▸ Required work
Please copy out the entries exactly, skipping any pictures.

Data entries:

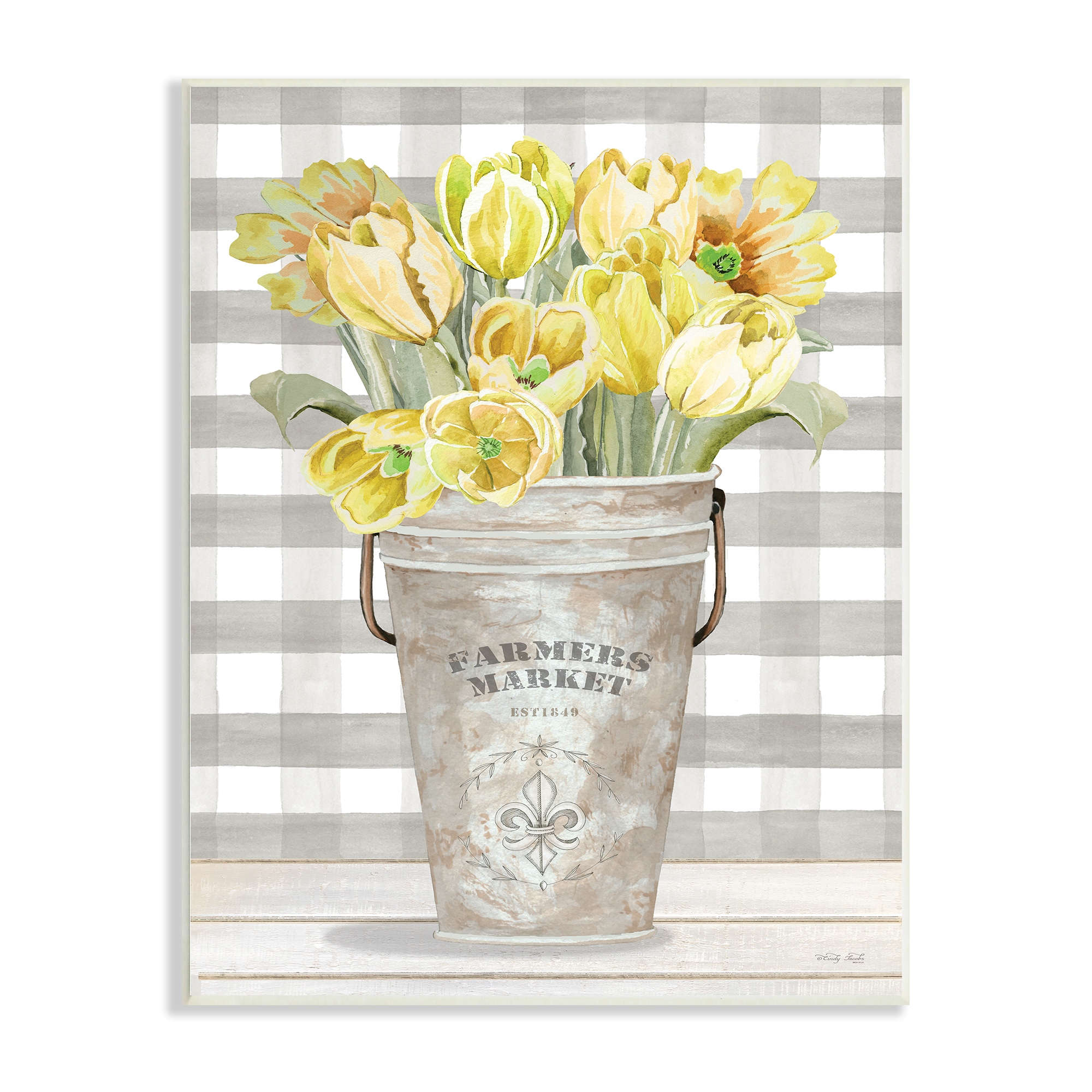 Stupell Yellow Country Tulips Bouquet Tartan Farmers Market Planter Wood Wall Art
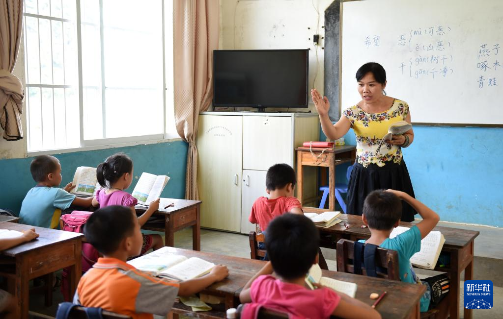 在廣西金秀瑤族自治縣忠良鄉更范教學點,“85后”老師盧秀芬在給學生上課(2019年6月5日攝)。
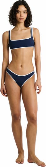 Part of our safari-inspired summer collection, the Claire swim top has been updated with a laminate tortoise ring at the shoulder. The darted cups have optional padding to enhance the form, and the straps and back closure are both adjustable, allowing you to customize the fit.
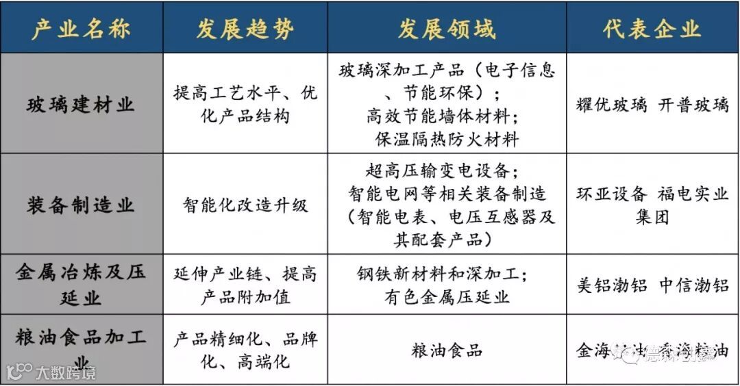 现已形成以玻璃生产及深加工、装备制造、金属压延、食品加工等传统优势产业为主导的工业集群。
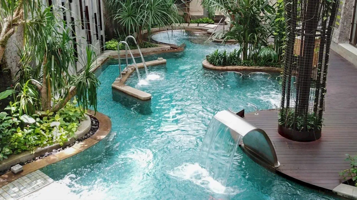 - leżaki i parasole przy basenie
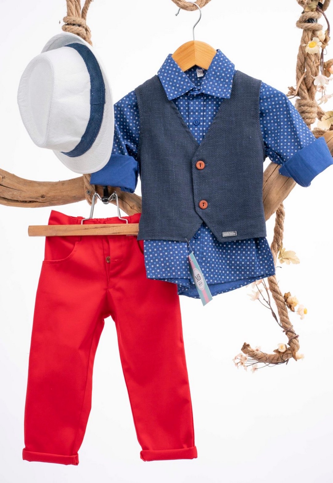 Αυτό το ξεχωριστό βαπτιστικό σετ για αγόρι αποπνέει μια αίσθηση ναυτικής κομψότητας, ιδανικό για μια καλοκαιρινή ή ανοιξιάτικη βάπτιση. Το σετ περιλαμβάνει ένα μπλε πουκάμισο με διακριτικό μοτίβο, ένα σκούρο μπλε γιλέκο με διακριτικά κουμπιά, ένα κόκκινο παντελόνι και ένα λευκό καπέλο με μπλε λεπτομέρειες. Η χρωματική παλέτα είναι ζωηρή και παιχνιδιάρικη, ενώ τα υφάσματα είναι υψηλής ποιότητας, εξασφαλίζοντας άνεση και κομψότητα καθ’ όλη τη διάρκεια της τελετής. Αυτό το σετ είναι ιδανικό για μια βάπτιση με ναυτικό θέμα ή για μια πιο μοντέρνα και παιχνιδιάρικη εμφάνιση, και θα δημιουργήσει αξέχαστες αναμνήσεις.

▸ Exercise answer
 Stupell Yellow Country Tulips Bouquet Tartan Farmers Market Planter Wood Wall Art
 在廣西金秀瑤族自治縣忠良鄉更范教學點,“85后”老師盧秀芬在給學生上課(2019年6月5日攝)。
 Part of our safari-inspired summer collection, the Claire swim top has been updated with a laminate tortoise ring at the shoulder. The darted cups have optional padding to enhance the form, and the straps and back closure are both adjustable, allowing you to customize the fit.
 现已形成以玻璃生产及深加工、装备制造、金属压延、食品加工等传统优势产业为主导的工业集群。
 - leżaki i parasole przy basenie
 Αυτό το ξεχωριστό βαπτιστικό σετ για αγόρι αποπνέει μια αίσθηση ναυτικής κομψότητας, ιδανικό για μια καλοκαιρινή ή ανοιξιάτικη βάπτιση. Το σετ περιλαμβάνει ένα μπλε πουκάμισο με διακριτικό μοτίβο, ένα σκούρο μπλε γιλέκο με διακριτικά κουμπιά, ένα κόκκινο παντελόνι και ένα λευκό καπέλο με μπλε λεπτομέρειες. Η χρωματική παλέτα είναι ζωηρή και παιχνιδιάρικη, ενώ τα υφάσματα είναι υψηλής ποιότητας, εξασφαλίζοντας άνεση και κομψότητα καθ’ όλη τη διάρκεια της τελετής. Αυτό το σετ είναι ιδανικό για μια βάπτιση με ναυτικό θέμα ή για μια πιο μοντέρνα και παιχνιδιάρικη εμφάνιση, και θα δημιουργήσει αξέχαστες αναμνήσεις.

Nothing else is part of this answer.